Why, then did this hyper-efficient cabal not invade our 2c/4c experiment? Quite simply, the 2 cents advertised (the other 2c came as a bonus) initially likely flew well below their radar as a task not worth any time at all. Instead, the 19 people who did come to us from the 100% group are more likely to be the 'part-timers' - people who answered Panos Ipeirotis' 'Why do you Turk' survey with either "it's fun" or "it's rewarding." This group is not financially motivated and less likely to cheat.
These altruistic Turkers are a minority, however; once money comes into play, they get Crowded In by the 100% optimizers.
In behavioral economics, crowding in is the idea that paying too much for a task may get the wrong kind of people to do it. A classic example of crowding in is paying for blood donations, outlawed in the US and most of the rest of the world for several decades now. The problem, as Richard Titmuss described in The Gift Relationship: From Human Blood to Social Policy, is that offering cash for blood gets the exact wrong kind of blood donor: the type that could really go for some cash right now and therefore may not have the cleanest blood available.
Similarly, as we offer increasingly larger enticements to participate in the coin flip experiment, we seem to be crowding the 'doing this for fun' crowd out in favor of the 'optimizer' crowd. The effect should be particularly evident in the 100% group, where both a lot of altruists and a lot of optimizers are likely to end up, altruists because they do good work and optimizers because it pays to be qualified for restrictive tasks.
Luckily, this turned out to be a reasonably simple thing to test.
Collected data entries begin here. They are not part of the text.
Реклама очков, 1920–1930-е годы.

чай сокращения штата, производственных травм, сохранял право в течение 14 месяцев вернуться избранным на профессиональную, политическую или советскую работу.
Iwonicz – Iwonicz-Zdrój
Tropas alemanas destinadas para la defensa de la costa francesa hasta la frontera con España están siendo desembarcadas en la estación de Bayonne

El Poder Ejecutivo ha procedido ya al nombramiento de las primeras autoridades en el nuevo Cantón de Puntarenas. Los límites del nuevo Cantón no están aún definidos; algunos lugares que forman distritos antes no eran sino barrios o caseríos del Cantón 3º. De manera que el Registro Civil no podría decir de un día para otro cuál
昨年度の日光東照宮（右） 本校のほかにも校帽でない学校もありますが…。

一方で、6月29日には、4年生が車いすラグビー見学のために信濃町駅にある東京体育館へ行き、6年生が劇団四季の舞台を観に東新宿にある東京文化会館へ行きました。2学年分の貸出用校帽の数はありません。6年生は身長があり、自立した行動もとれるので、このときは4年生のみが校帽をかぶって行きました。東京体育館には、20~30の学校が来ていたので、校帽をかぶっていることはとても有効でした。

Taking the 100%-ers as our experiment and 95-97% as our control group, we offered the same coin-flip experiment to 50 participants in each group and altering the payment for tails/heads to, one after the other, 10c/15c and 3c/8c. We kept the bonus at 5 cents and altering only the original offer, since the base payment is the only number Turkers can see before accepting the HIT.
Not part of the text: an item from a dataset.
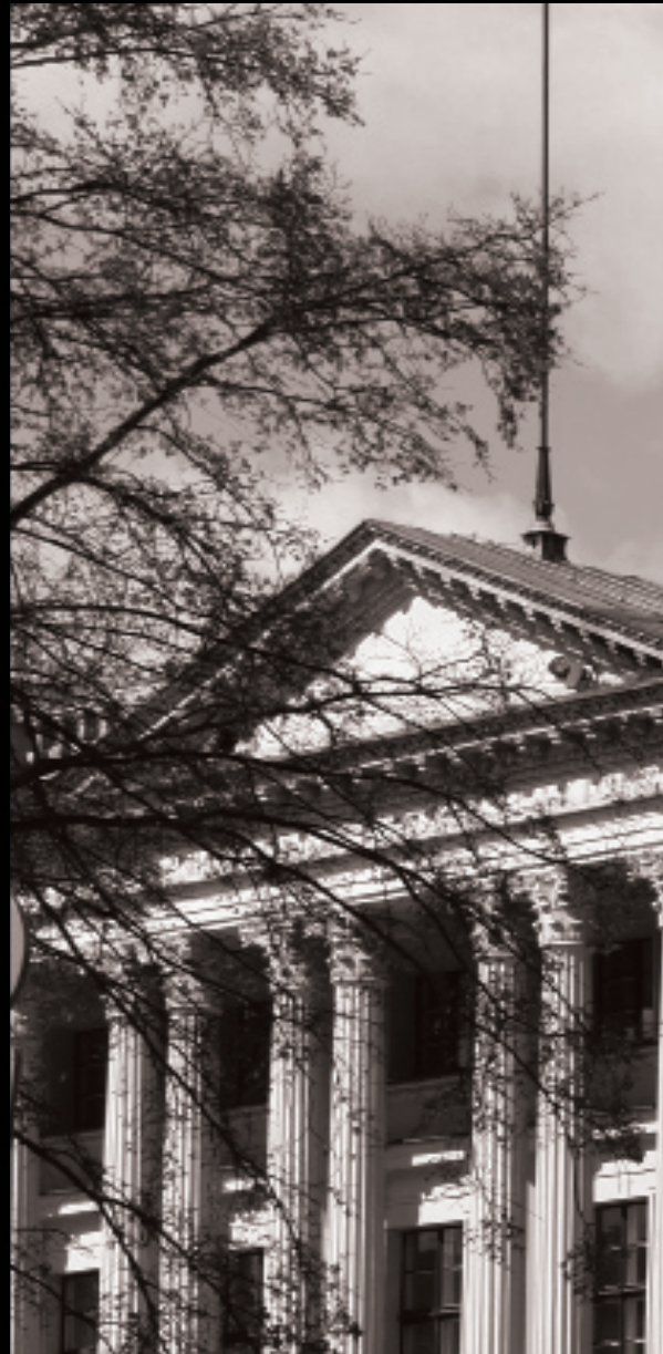
Biblioteka Raczyńskich

Note: Error bars are at a 95% confidence interval.
From our experiment, it looks like while offering more money leads to more cheating for the 100% group, cheating actually goes down for the 95-97% control group. This fits with our hypothesis: in the 95-97% group, adding more money disincentives cheating - 5 cents for cheating looks less enticing if I've already received 10 cents and more enticing if I've only received 3. Dishonesty can be bought, but only at a reasonable multiplier to the base reward.
In the 100% group, however, the opposite occurs: the more money is offered, the more interesting the task becomes to optimizers, and optimizers cheat whenever they can get away with it.
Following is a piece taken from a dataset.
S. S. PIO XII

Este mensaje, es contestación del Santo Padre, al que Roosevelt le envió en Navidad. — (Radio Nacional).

The results are not quite statistically significant, as the error bars illustrate, but they tell a reasonably compelling story nonetheless.
Do you agree with our hypothesis? What other, alternate explanations might exist for these results?
We collected additional data about the Turkers as we conducted our experiment. Here's some of the analysis I intend for Part 3:
- Cheating by Time Taken: Can we predict whether a Turker really flipped a coin or not by looking at how long the assignment took them?
- Cabal Trends: Can we identify any collusion amongst Turkers? Assuming Turkers share tasks, are there any patterns of heads-heads-heads-heads... in our data within a fairly short time span?
- National Trends: Most Turkers (>90%, in our case) are either in the US or in India. Do Americans or Indians cheat more? Is either group more likely to be 100%-ers? Are Americans less likely to accept low-paying tasks? We started tracking IPs only by the time we ran the 3c/8c and 10c/15c groups, but even that subset of data points remain interesting.
Any ideas for other interesting analysis I should run?